Problem
Leaving pictures aside, restate exactly the lines of the data below, from the first one through the line that contains "MATERIAL:BLACK 10MM CURED".

Supplied material
****************

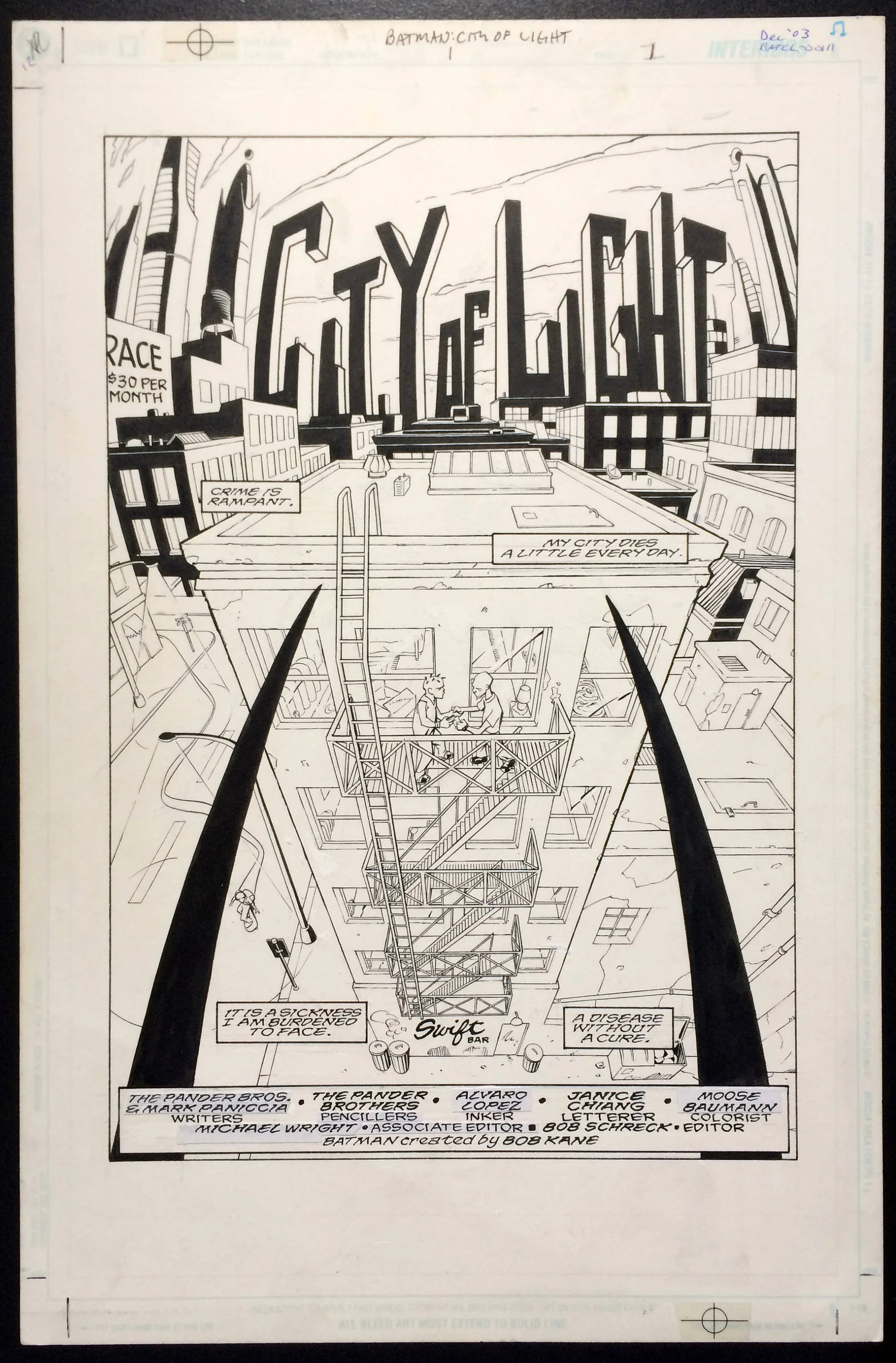 This is an original one of a kind comic book page illustrated by the Pander Brothers.
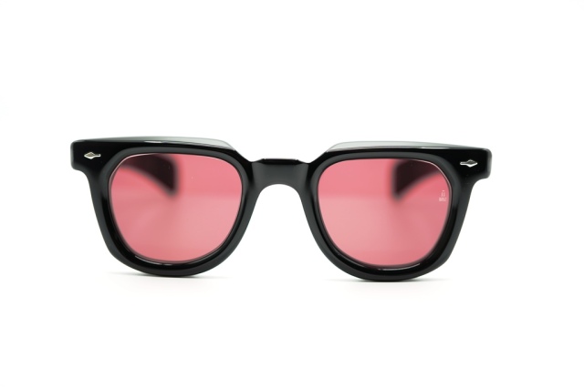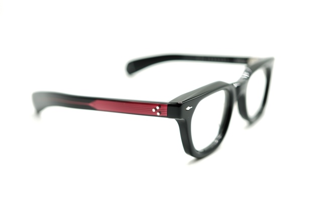 MATERIAL:BLACK 10MM CURED CELLULOSE ACETATE FRAME CUSTOM ACETATE TEMPLES FEATURING PRECIOUS METAL HARDWARE AND RED CR39 LENSE
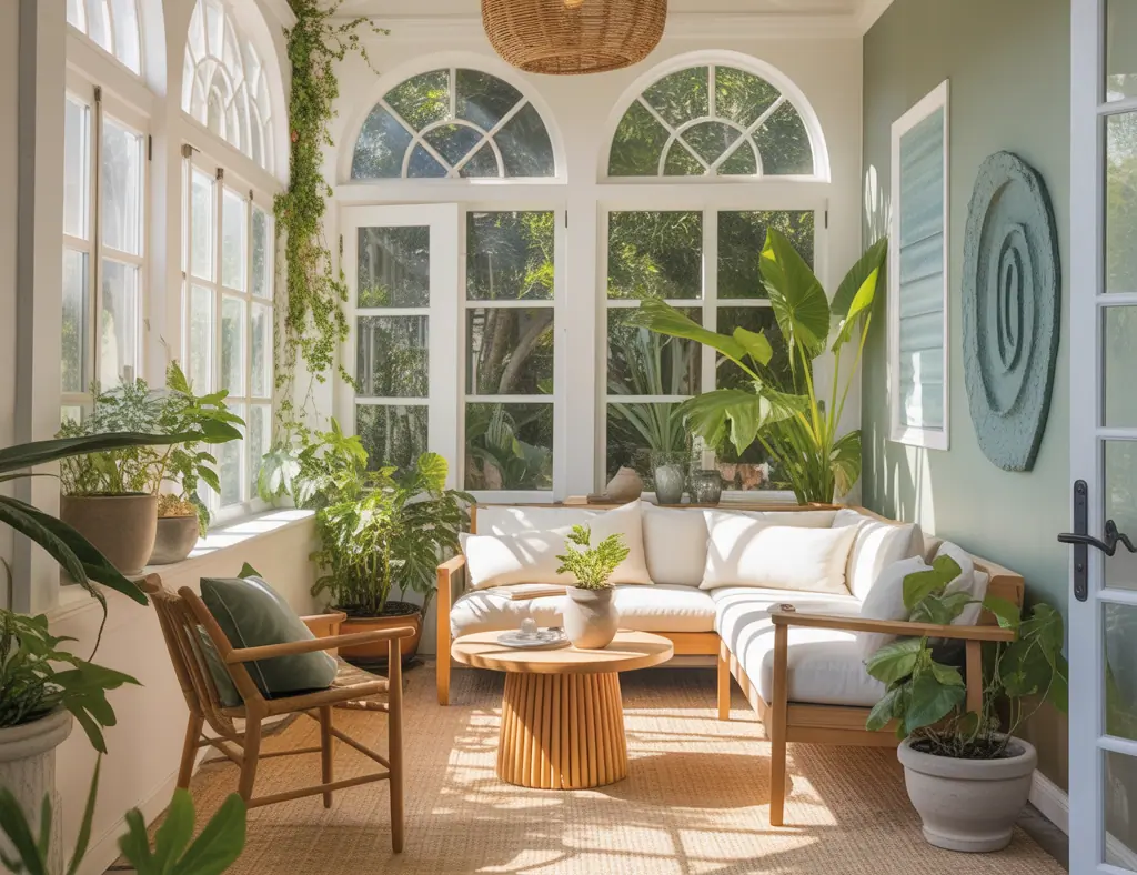 Light, cool tones like pale blues, soft greens, or warm whites make small sunrooms feel larger. Use a satin or eggshell finish to reflect light without harsh glare. Avoid very dark hues on all walls; instead, use them as accent colors.

****************

Solution to the exercise
 This is an original one of a kind comic book page illustrated by the Pander Brothers.
 MATERIAL:BLACK 10MM CURED CELLULOSE ACETATE FRAME CUSTOM ACETATE TEMPLES FEATURING PRECIOUS METAL HARDWARE AND RED CR39 LENSE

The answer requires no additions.